YOUR INSTRUCTIONS:
Leaving out all pictures, copy the lines below exactly, from the line with "Geomagnetic storms in Tirana — Nov 07, 2025" to the last line, both ends included.

____

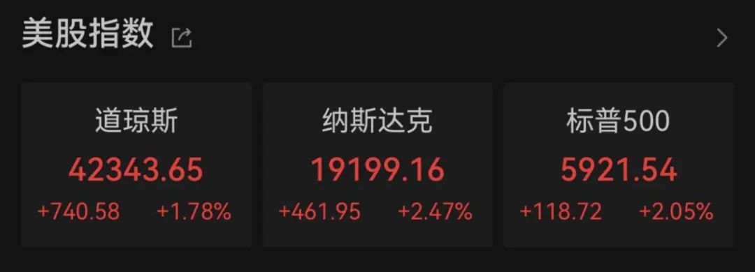 道指涨740.58点,涨幅为1.78%,报42343.65点;纳指涨461.96点,涨幅为2.47%,报19199.16点;标普500指数涨118.72点,涨幅为2.05%,报5921.54点。
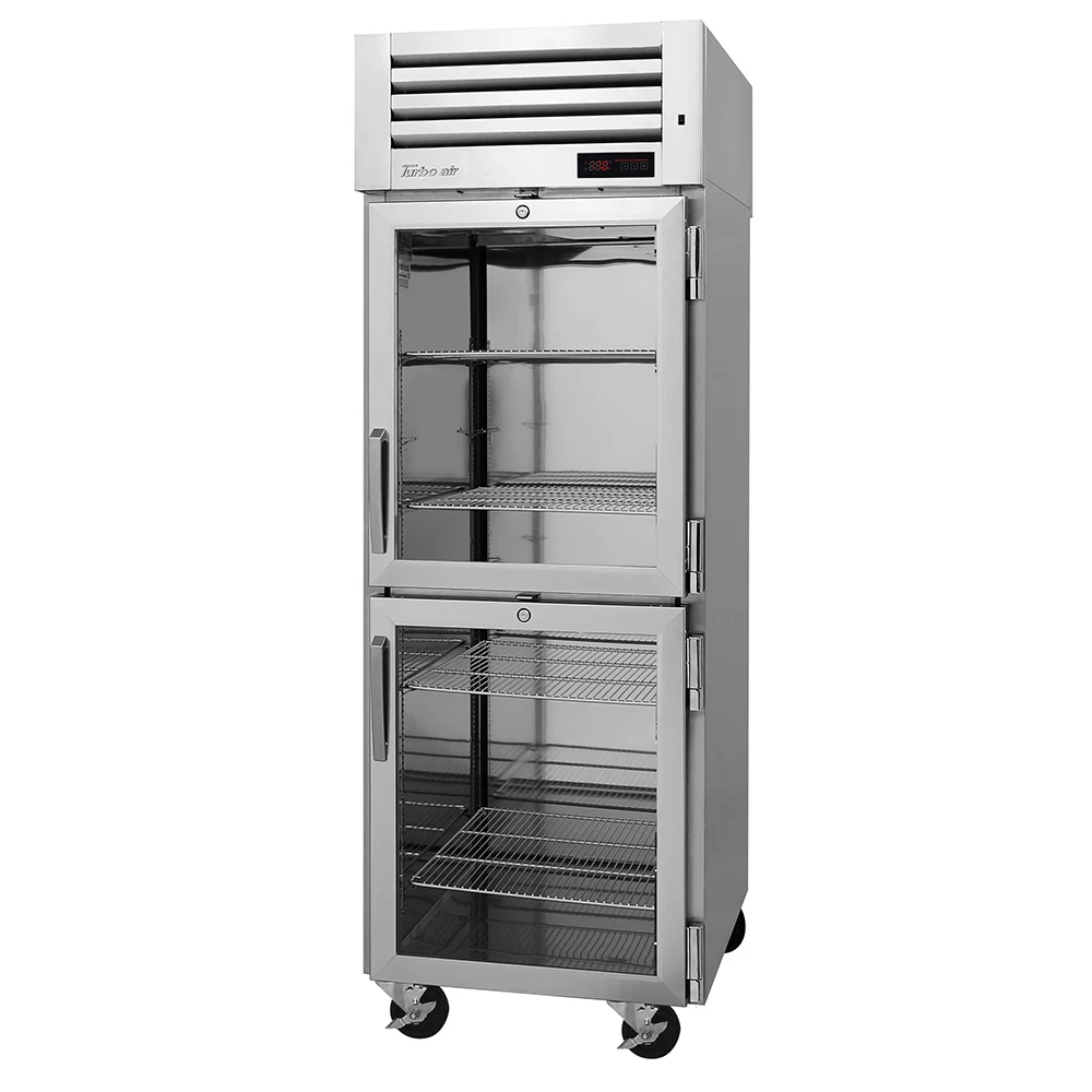 Using its precise digital temperature control and monitoring system, operators can adjust the temperature of the Turbo Air PRO-26-2H-G holding cabinet. To turn the unit on or off, it is equipped with a simple power switch, and the unit’s interior can be accessed through its two glass half doors, which are self-closing with a 120-degree stay-open feature.
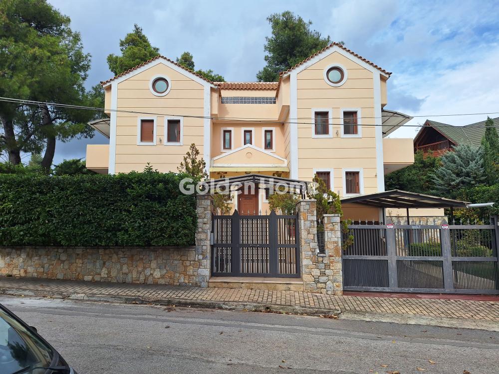 An exceptional detached residence in the prestigious Prokonisos area of Stamata, near the district of Efxinos Pontos. Situated on a corner plot with a south–southwest orientation, the home enjoys sunlight throughout the day and faces a park and a central square. Featuring classic architecture—one of the finest examples in this elegant neighborhood—the property offers abundant natural light through multiple openings and tasteful custom touches by the owner. Ground Floor: To the right of the entrance hall is the dining room; behind it, the kitchen; and on the opposite side a bright living room with a fireplace. Upper Floors & Layout: An elevator serves all levels. • First Floor: One double bedroom, two smaller children’s rooms, and a large bathroom. • Attic: A cozy living area, an office space, and a guest bedroom with a double bed—ideal as a guest suite. Lower Level (bright semi-basement): A playroom, a sitting area with a fireplace, a dining space, a secondary kitchen, a laundry room, a maid’s room, the elevator’s engine room, an oil burner, and a 16 kVA generator (available at an additional cost). There is also a garage with an electric door and an easy, wide ramp. Location: The bus stop is just 20 m away. The main avenue offers quick access toward Agios Stefanos and the Athens–Lamia National Highway, as well as toward Stamata, Drosia, Ekali, and Kifisia. Very close to the residence is one of the best private schools in Attica, Othisi, while Arsakeio is also within convenient distance. A perfect home for a family with two children.
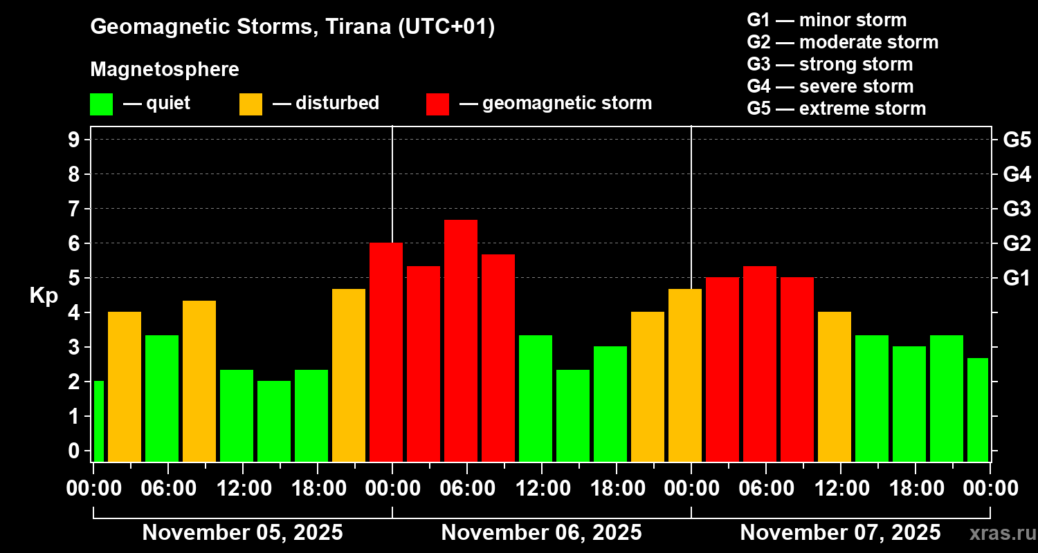 Geomagnetic storms in Tirana — Nov 07, 2025
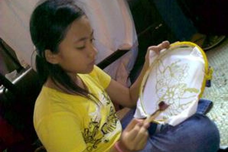 Salah satu pengunjung Batavia Art Festival 2009 sedang mencoba membatik, dalam salah satu workshop yang diselenggarakan oleh Meseum Tekstil Minggu (21/6).
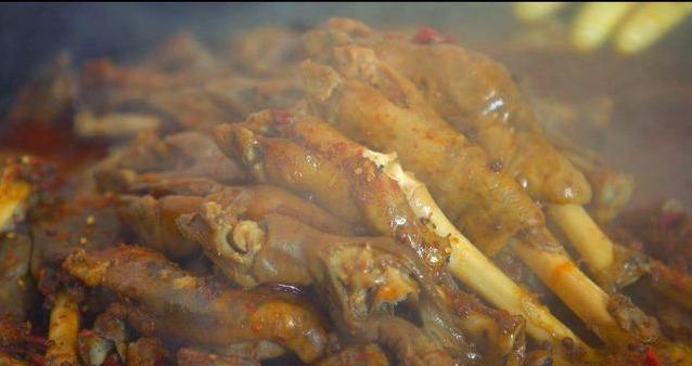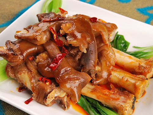 3、羊蹄入老湯鍋燉爛(指蹄筋)后入盤,把羊蹄鹵到熟爛,羊蹄本身沒有什么肉,就是一層皮,要小心不要過爛,導致骨肉分離的悲慘下場。鹵好后,撈出,用胡椒、辣面等佐料拌勻即可,或者可以淋一些剛才的鹵湯汁。
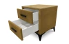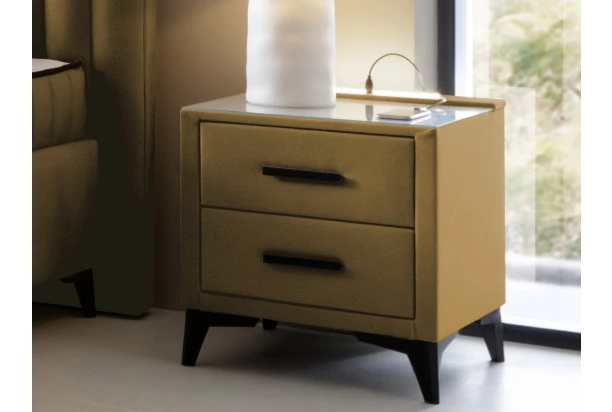 Trendy noční stolek se 2 zásuvkami se skvěle hodí do moderní ložnice. Stolek je očalouněn sametově hebkou látkou v odstínu hořčicově žlutá, která je zároveň i velmi odolná. Zvýšená konstrukce stolku na černých nožkách je ideální pro umístění k vyššímu lůžku, zároveň umožňuje snazší udržbu podlahy. Horní plocha nočního stolku je navíc opratřena čirým bezpečnostním sklem, které prakticky chrání jeho povrch.

____

ANSWER FOR THIS EXERCISE:
 Geomagnetic storms in Tirana — Nov 07, 2025
 Salah satu pengunjung Batavia Art Festival 2009 sedang mencoba membatik, dalam salah satu workshop yang diselenggarakan oleh Meseum Tekstil Minggu (21/6).
 3、羊蹄入老湯鍋燉爛(指蹄筋)后入盤,把羊蹄鹵到熟爛,羊蹄本身沒有什么肉,就是一層皮,要小心不要過爛,導致骨肉分離的悲慘下場。鹵好后,撈出,用胡椒、辣面等佐料拌勻即可,或者可以淋一些剛才的鹵湯汁。
 Trendy noční stolek se 2 zásuvkami se skvěle hodí do moderní ložnice. Stolek je očalouněn sametově hebkou látkou v odstínu hořčicově žlutá, která je zároveň i velmi odolná. Zvýšená konstrukce stolku na černých nožkách je ideální pro umístění k vyššímu lůžku, zároveň umožňuje snazší udržbu podlahy. Horní plocha nočního stolku je navíc opratřena čirým bezpečnostním sklem, které prakticky chrání jeho povrch.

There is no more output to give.